An optional +Logger+-like interface for logging messages. The logger must implement:
* <tt>info(message, &block)</tt>,
* <tt>debug(message, &block)</tt>,
* <tt>warn(message, &block)</tt>,
* <tt>error(message, &block)</tt>,
* <tt>fatal(message, &block)</tt>.

==== <tt>rack.multipart.buffer_size</tt>

An optional +Integer+ hint to the multipart parser as to what chunk size to use for reads and writes.

==== <tt>rack.multipart.tempfile_factory</tt>

An optional object for constructing temporary files for multipart form data. The factory must implement:
* <tt>call(filename, content_type)</tt> to create a temporary file for a multipart form field.
The factory must return an +IO+-like object that responds to <tt><<</tt> and optionally <tt>rewind</tt>.

==== <tt>rack.hijack?</tt>

If present and truthy, indicates that the server supports partial hijacking. See the section below on hijacking for more information.

==== <tt>rack.hijack</tt>

If present, an object responding to +call+ that is used to perform a full hijack. See the section below on hijacking for more information.

==== <tt>rack.early_hints</tt>

If present, an object responding to +call+ that is used to send early hints. See the section below on early hints for more information.

==== <tt>rack.input</tt>

If present, the input stream. See the section below on the input stream for more information.

==== <tt>rack.errors</tt>

The error stream. See the section below on the error stream for more information.

==== <tt>rack.response_finished</tt>

If present, an array of callables that will be run by the server after the response has been processed. The callables are called with <tt>environment, status, headers, error</tt> arguments and should not raise any exceptions. The callables would typically be called after sending the response to the client, but it could also be called if an error occurs while generating the response or sending the response (in that case, the +error+ argument will be a kind of +Exception+). The callables will be called in reverse order.

=== The Input Stream

The input stream is an +IO+-like object which contains the raw HTTP request data. When applicable, its external encoding must be <tt>ASCII-8BIT</tt> and it must be opened in binary mode.

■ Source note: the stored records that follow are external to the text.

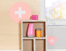 Set uključuje ružičasta medicinska pomagala kao što su škare i maska, idealno za igranje doktora.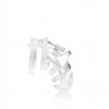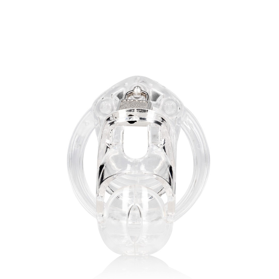 ManCage chastity cages are made of high-quality polycarbonate, a lightweight, durable and hypoallergenic material. The frame consists of three parts that fit together precisely. Two guide pins connect the upper parts, while the oval tapered pin joins the rings to the cage.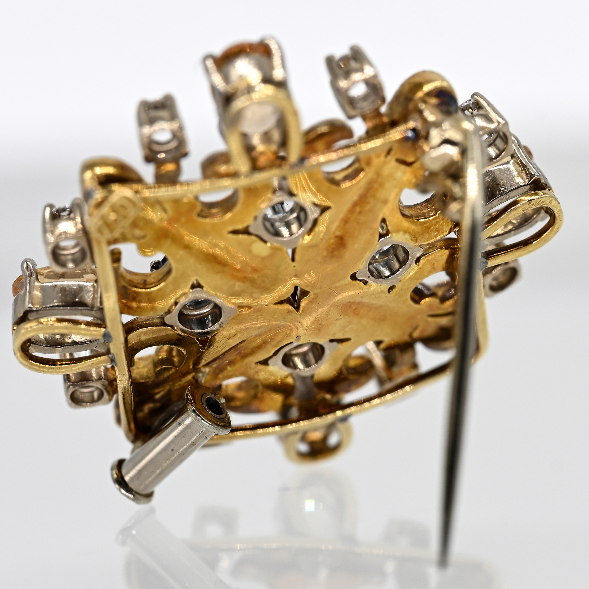 Stamped: 750/- yellow and white gold; total weight: 10.8 g; stylised rectangular base form with fourfold subdivided openwork ornamentation; polished and satin-finished surface decoration; claw settings each with 4 round faceted sapphires in an intense cornflower blue colour variety, diameter: approx. 3.5 mm; 4 oval faceted citrines in a light yellowish/brownish colour variety; dimensions per stone: approx. 6 x 4 mm; 8 brilliant-cut diamonds, total approx. 0.24 ct; colour and clarity: upper range; dimensions of the brooch: approx. 25.9 x 26.5 mm, height: approx. 7.3 mm.

The input stream must respond to +gets+, +each+, and +read+:
* +gets+ must be called without arguments and return a +String+, or +nil+ on EOF (end-of-file).
* +read+ behaves like <tt>IO#read</tt>. Its signature is <tt>read([length, [buffer]])</tt>.
  * If given, +length+ must be a non-negative Integer (>= 0) or +nil+, and +buffer+ must be a +String+ and may not be +nil+.
  * If +length+ is given and not +nil+, then this method reads at most +length+ bytes from the input stream.
  * If +length+ is not given or +nil+, then this method reads all data until EOF.
  * When EOF is reached, this method returns +nil+ if +length+ is given and not +nil+, or +""+ if +length+ is not given or is +nil+.
  * If +buffer+ is given, then the read data will be placed into +buffer+ instead of a newly created +String+.
* +each+ must be called without arguments and only yield +String+ values.
* +close+ can be called on the input stream to indicate that any remaining input is not needed.

=== The Error Stream

The error stream must respond to +puts+, +write+ and +flush+:
* +puts+ must be called with a single argument that responds to +to_s+.
* +write+ must be called with a single argument that is a +String+.
* +flush+ must be called without arguments and must be called in order to make the error appear for sure.
* +close+ must never be called on the error stream.

=== Hijacking

The hijacking interfaces provides a means for an application to take control of the HTTP connection. There are two distinct hijack interfaces: full hijacking where the application takes over the raw connection, and partial hijacking where the application takes over just the response body stream. In both cases, the application is responsible for closing the hijacked stream.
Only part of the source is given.